Люберт открыл глаза, и свет, сочащийся между неплотно сведенными шторами, развеял иллюзию. Это не дачный домик и не его кровать (на ней сейчас лежит другой мужчина со своей женщиной), он в спальне их бывшего шофера Фридриха. С началом войны штат прислуги пришлось сократить, и Клаудиа присоединила комнату к своей вечно переполненной гардеробной. Он в своем доме, которому он уже не хозяин, а хозяйки у дома нет уже давно – выветрился ее запах, забылись ее прикосновения. Но она все еще была с ним, он жил памятью о ней. Шелковое стеганое одеяло, под которым он лежал, привезли из летнего домика на Зильте после того, как на островке устроили базу люфтваффе; оно хранило запах моря.

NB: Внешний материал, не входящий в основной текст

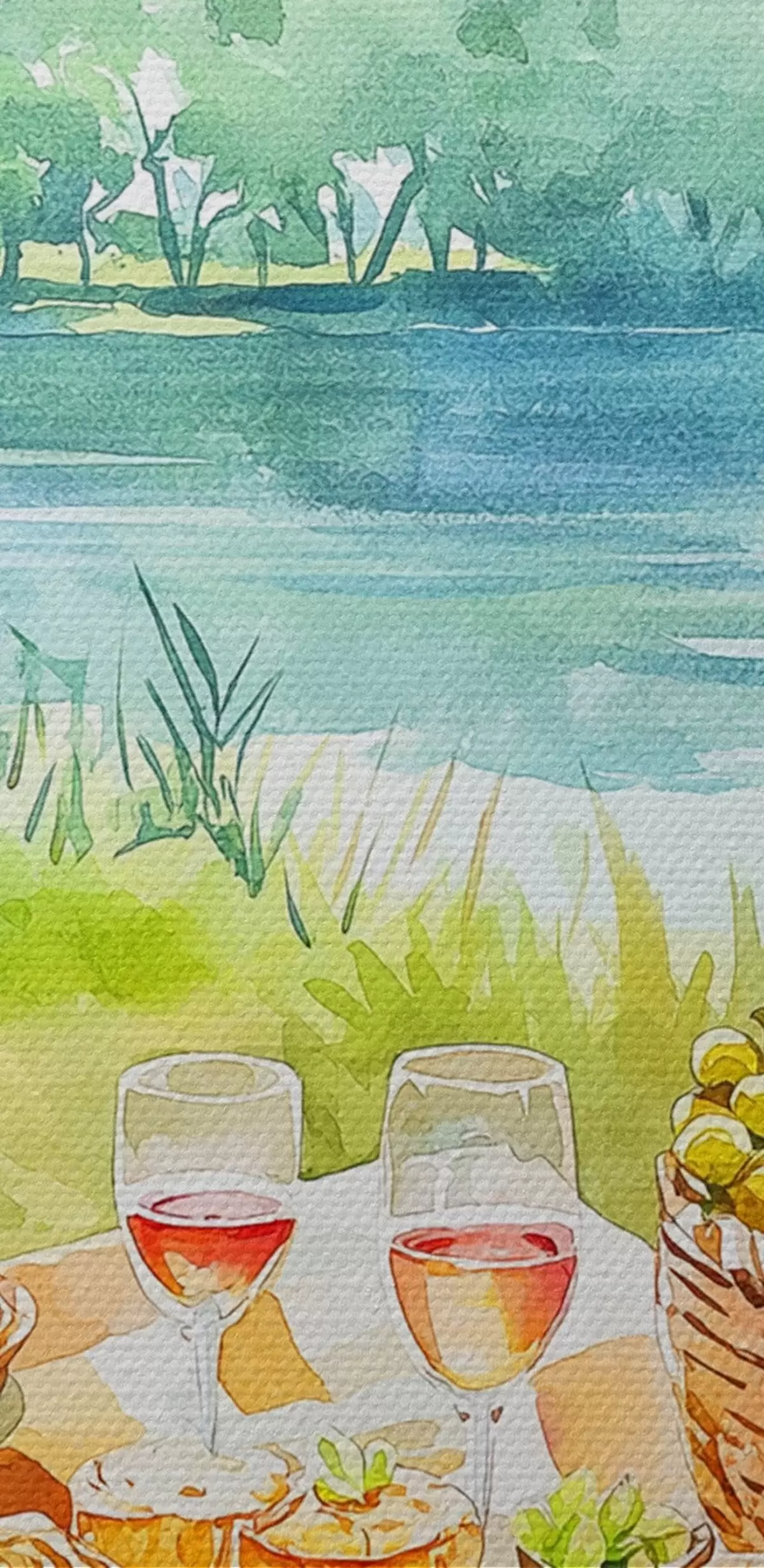 Tableaux rondes Esthétique du pique-nique, nature estivale, lac, romantique, style aquarelle r42450
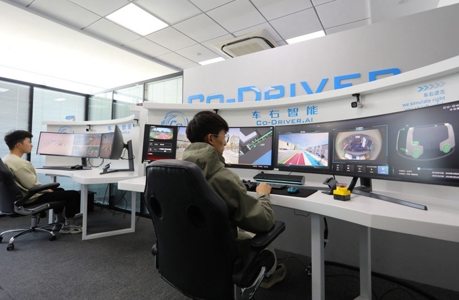 在位于中國(上海)自由貿(mào)易試驗(yàn)區(qū)臨港新片區(qū)的一家智能駕駛企業(yè),工作人員通過無人駕駛汽車遠(yuǎn)程監(jiān)管平臺(tái)的實(shí)時(shí)畫面,結(jié)合電子地圖對(duì)在自動(dòng)駕駛測(cè)試專用路上行駛的車輛進(jìn)行監(jiān)管(2024年4月9日攝)。
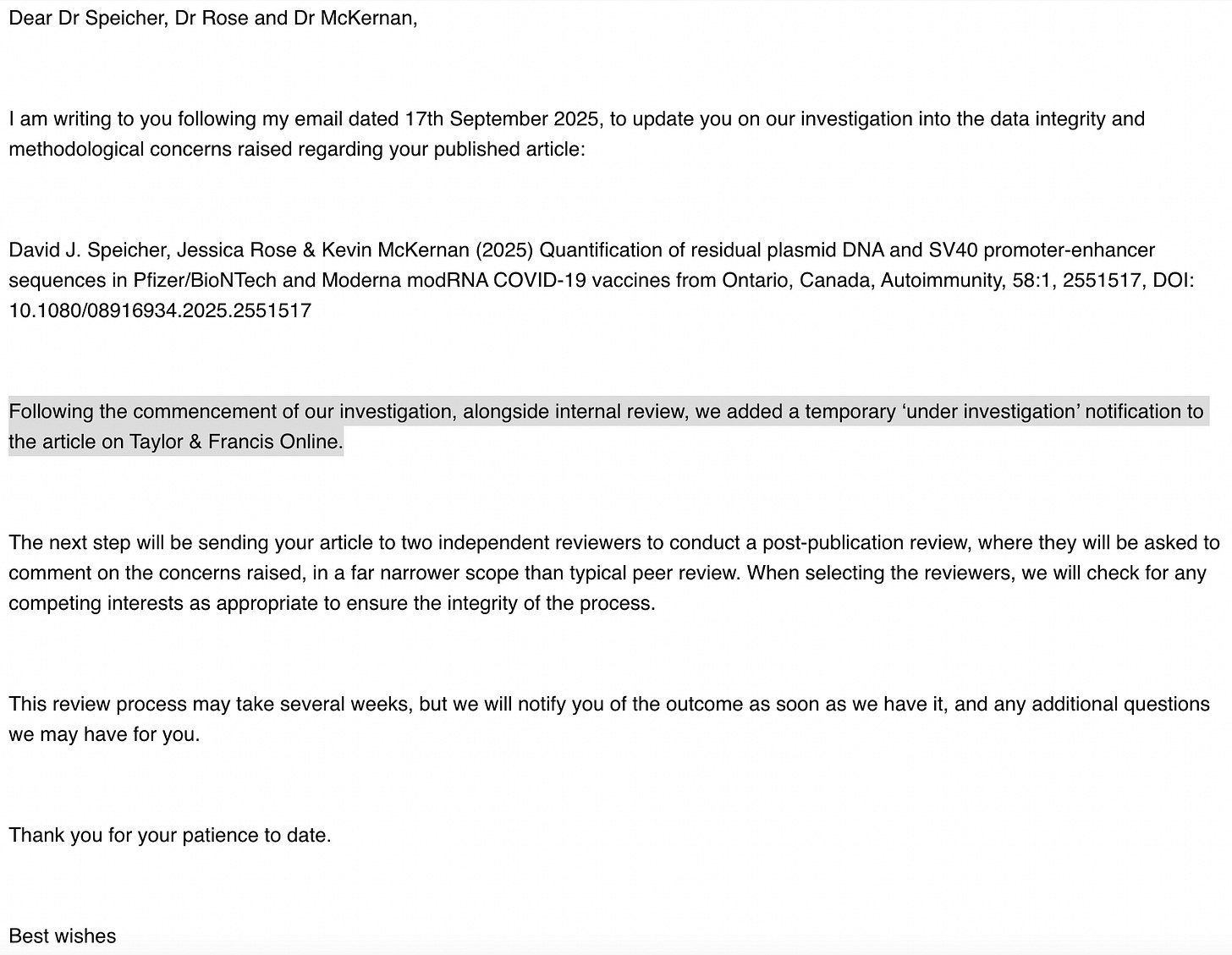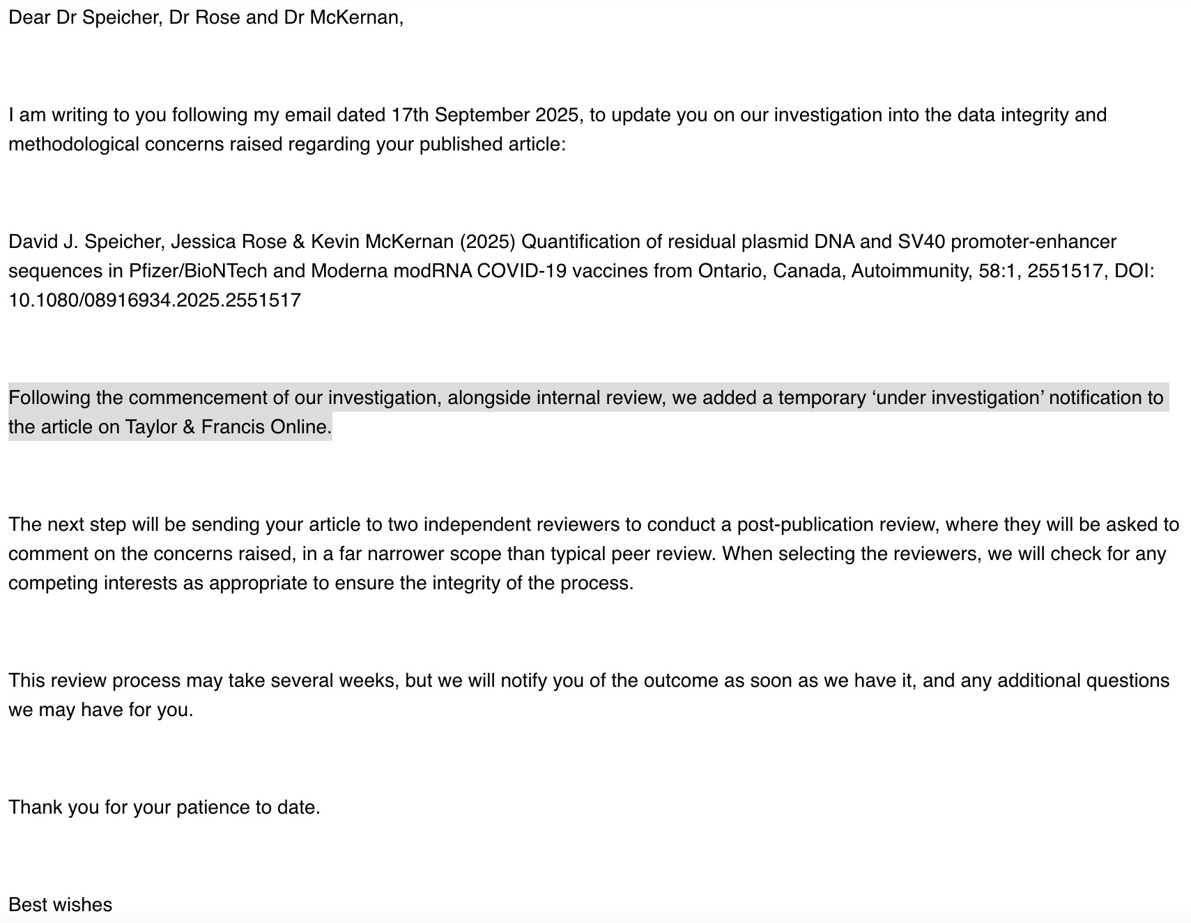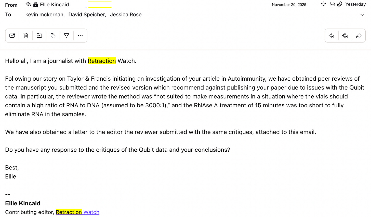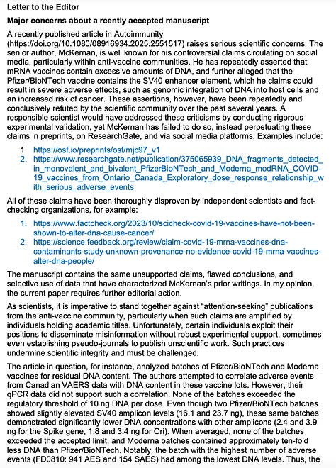 I woke up the other morning to the next step in the retraction attempt on our seminal paper published in Autoimmunity entitled: Quantification of residual plasmid DNA and SV40 promoter-enhancer sequences in Pfizer/BioNTech and Moderna modRNA COVID-19 vaccines from Ontario, Canada.1
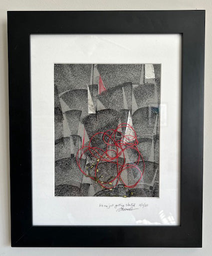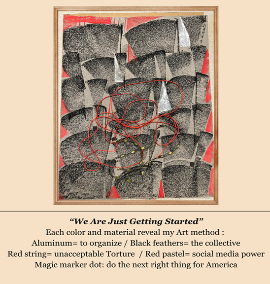 Description: We are Just Getting Started is a multi-media artwork piece. Each color and material reveals the Art method: Aluminum ~ to organize / Black feathers ~ the collective
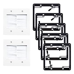 EFFORTLESS CABLE MANAGEMENT FOR CLUTTER-FREE WALL: This 2-gang cable pass-through wall plate hides messy cables behind the wall to create a tidy environment. Its polished design and pure white surface make it well-suited for living rooms and offices. QUICK AND EASY INSTALLATION: The low voltage mounting bracket has 4 pre-set corner holes as a cutting guide, helping you cut a clean and suitable hole in the wall. The wing clips provide a strong and flush fit, making installation a breeze. LARGE CAPACITY FOR ALL CABLE TYPES: The 2 gang wall plate measures 114.3 ×116.3 mm (4.50 × 4.58 in) and features a wide opening to hold over 100 × 6 mm OD cables. The nylon brush helps block dust and unwanted pests from the hole and won't damage cables. BUILT TO LAST WITH DURABLE MATERIAL: Made from heavy-duty, flame-retardant PC material, the wall wire hider and low-voltage box will not bend or crack during installation, ensuring long-lasting durability and peace of mind. Soft brush won't damage cables. PACKAGE CONTENTS: 2 x 2 Gang Brush Faceplate + 5 x Low Voltage Mounting Bracket. We Provide 18 months warranty for quality problems.
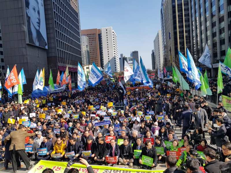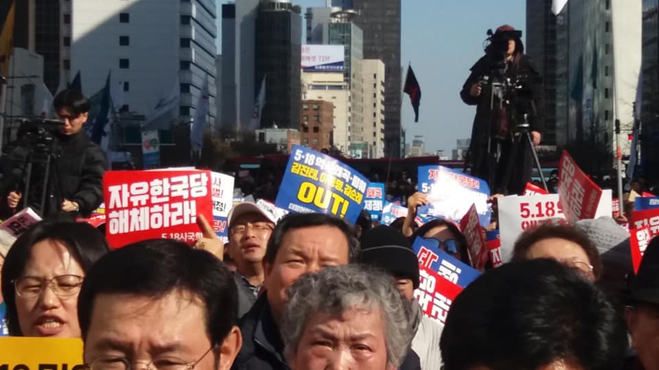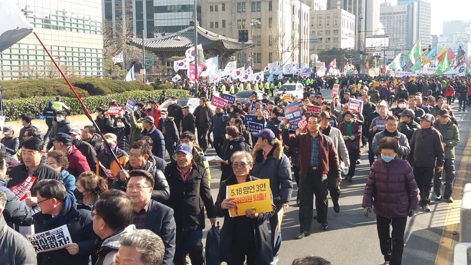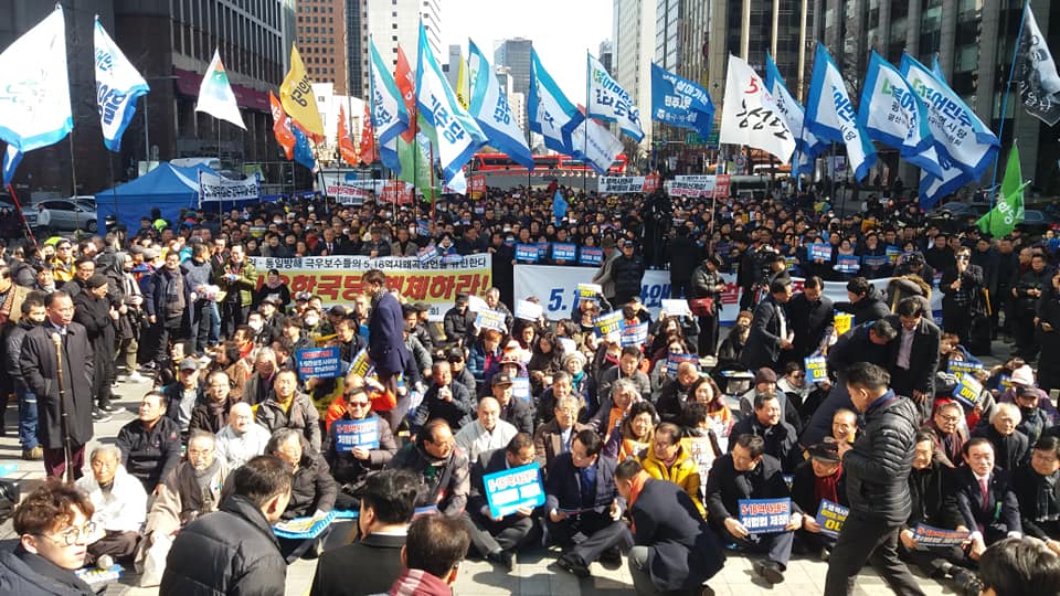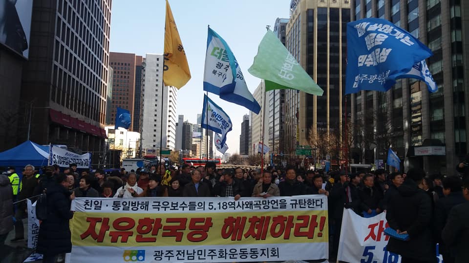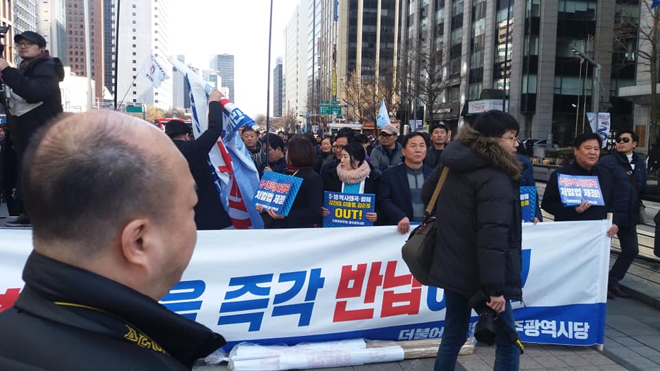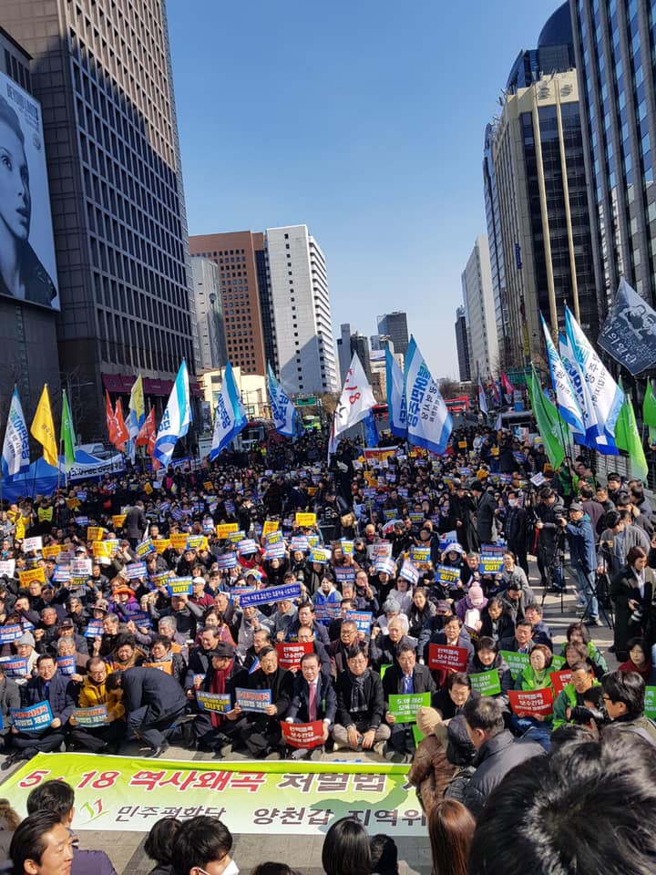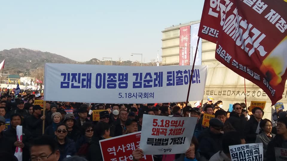 <5.18역사왜곡망언 규탄 범국민대회>가 지난 2월 23일 서울 청계천광장에서 개최되었다. 여기에는 광주에서 시민들이 1,500명 가량 상경하여 참석하였다.
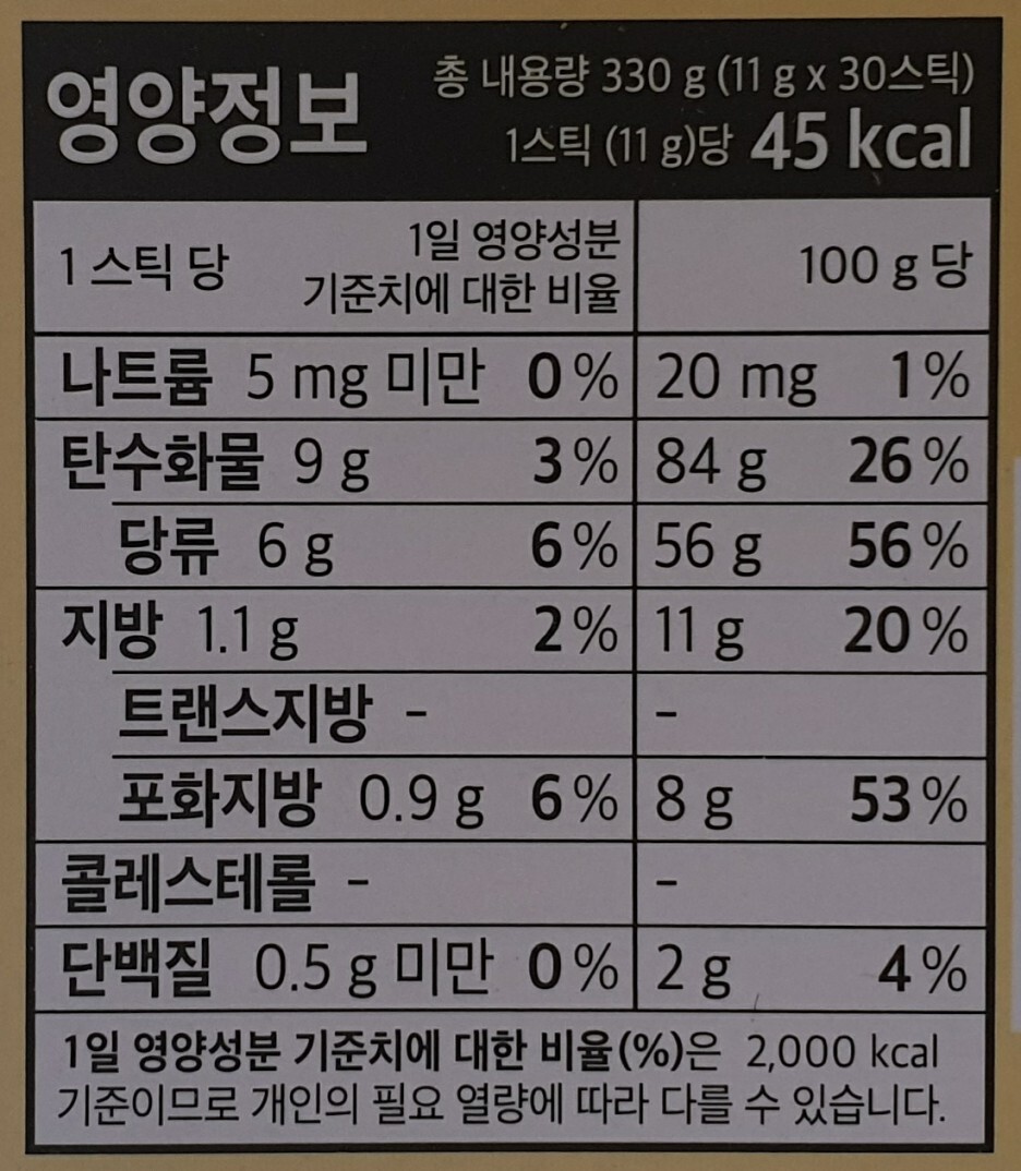 330g (1,455kcal) [11g(45kcal) x 30개입]
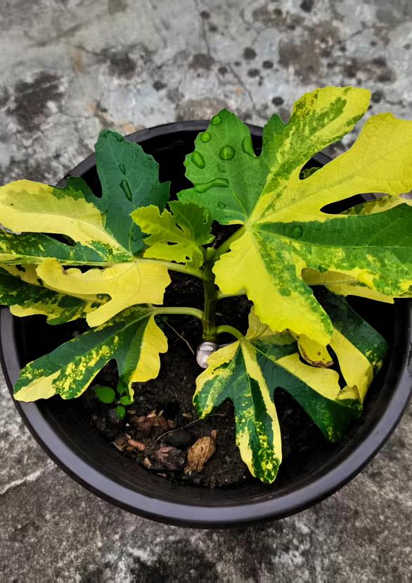 花叶老虎无花果赏叶又能吃果,有人说它是从美国引进,还有观点认为它是玛斯义陶芬变异产生。它叶片黄绿白相间,就像大自然画的绚丽画卷,在庭院、花园或者室内,都是亮眼的存在。这变异后的品种,说不定结合了两者优点,值得期待!
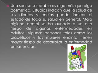 La salud dental indica el estado general de salud; mala higiene dental aumenta el riesgo de enfermedades. Aunque se pensaba que la pérdida de dientes era natural con la edad, el Centro Nacional para la Información Sobre el Higiene Bucal dice que siguiendo pasos sencillos como usar hilo dental y cepillarse los dientes, se pueden conservar los dientes para toda la vida.
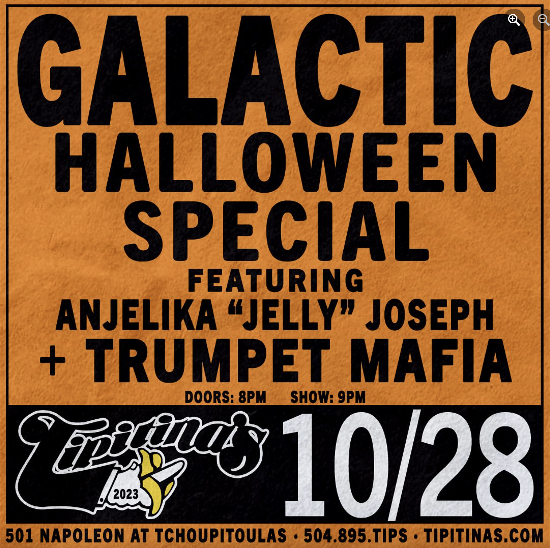 New Orleans’ own jazz-funk jam band, Galactic, featuring Angelika “Jelly” Joseph, returns home to Tipitina’s on Saturday, October 28 for their Halloween show featuring spacial guests Trumpet Mafia. Drawing upon the vibrant funk, R&B, and jazz traditions of their native New Orleans, Galactic built a loyal following with their own brand of jam-based grooves. Emerging in the mid-‘90s, the band has produced 10 albums, performed thousands of gigs and continues to evolve with the times. They were recently joined by vocal powerhouse Anjelika “Jelly” Joseph, and have continued to forge ahead with exciting new music. Galactic will be joined by New Orleans trumpeters, Trumpet Mafia, known for their creative excellence and unexpected arrangements that mix traditional jazz and hip hop styles. For tickets and additional information for this weekly pick, go here.
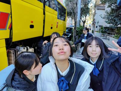 予定の午前7時よりすこし先に。大型バスのエンジンが重低音を響かせ、ゆっくりと校門をあとにします。
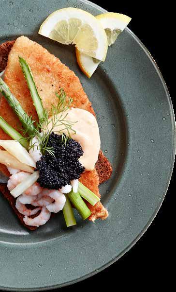 Torskeloin med rustik sennepssauce, hertil savoykål, sprød bacon, ristede hasselnøddeflager og gremolata af frisk persille, skalotteløg og syrlig citronskal.
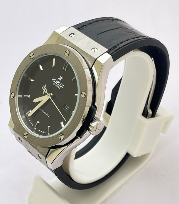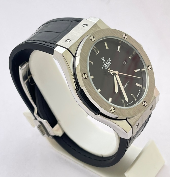 Experience the perfect blend of elegance and precision with the Hublot Vendom Classic Steel Black Leather Strap Swiss Automatic Watch. Crafted with a robust stainless steel case and a luxurious black leather strap, this timepiece exudes sophistication while ensuring durability. The Swiss automatic movement guarantees accurate timekeeping, making it an essential accessory for both formal and casual occasions. Elevate your style and make a statement with this exquisite watch that embodies the essence of luxury and craftsmanship.

Люберт натянул одеяло на лицо, глубоко вдохнул и перенесся в тот далекий день. Вместе со своей раскрасневшейся невестой он спустился к столу, на котором уже ждало приготовленное сестрами угощение. Травянистый, солено-рыбный запах Клаудии на костяшках пальцев смешивался с запахом тушенной в вине рыбы, и Клаудиа улыбалась ему через стол, когда он украдкой нюхал пальцы, вдыхая подтверждение ее страсти. Отдавшись воспоминанию, Люберт уловил запах собственного вожделения, рвущегося из-под одеяла, зовущего повторить ту сцену.
Потом Люберт просто лежал, ничего не стыдясь, лишь сожалея, что отныне ему только это и осталось – воспоминания, отредактированные и смонтированные для достижения быстрого, механического эффекта. Он сел, чувствуя холодную влажность внизу живота. Семя, растраченное впустую. Бесполезное семя. Потерянное. Именно об этом наследстве войны Люберт чаще всего сожалел, размышляя о том, что стряслось с ними со всеми, – не о руинах, разрухе, зверствах, а о всеобщей потерянности, сковавшей миллионы людей, что лишились любимых, родных, дома, вынужденных начинать заново. Конечно, для некоторых эта потерянность оказалась кстати – для тех, кто был несчастен в браке или тяготился своей жизнью. Рабочие на заводах посмеивались, что им-то только на руку сокращение мужского поголовья в Германии. Выбирай любую женщину. Но Люберт не хотел выбирать и не хотел, чтобы его выбирали. Он уже выбрал однажды, и она его выбрала, и пусть ее больше нет, она значит для него намного больше всех живых.
Он вытер руку о ночную рубашку, поднялся и пробрался к окну. Комнату загромождали вещи, в спешке перенесенные сюда из главной спальни, а после неожиданного предложения полковника еще и из кабинета. На верхний этаж перекочевало то, что, как Люберту представлялось, он спас бы в первую очередь в случае пожара, – стол с письменными принадлежностями, засушенный свадебный букетик и две самые ценные картины: автопортрет Леже и обнаженная служанка работы фон Карольсфельда. Странно, но он вовсе не переживал из-за того, что уступил дом, напротив, его переполняло неожиданное и приятное возбуждение, как будто, освободившись от имущества, он обрел легкость путника, которому открыты все пути.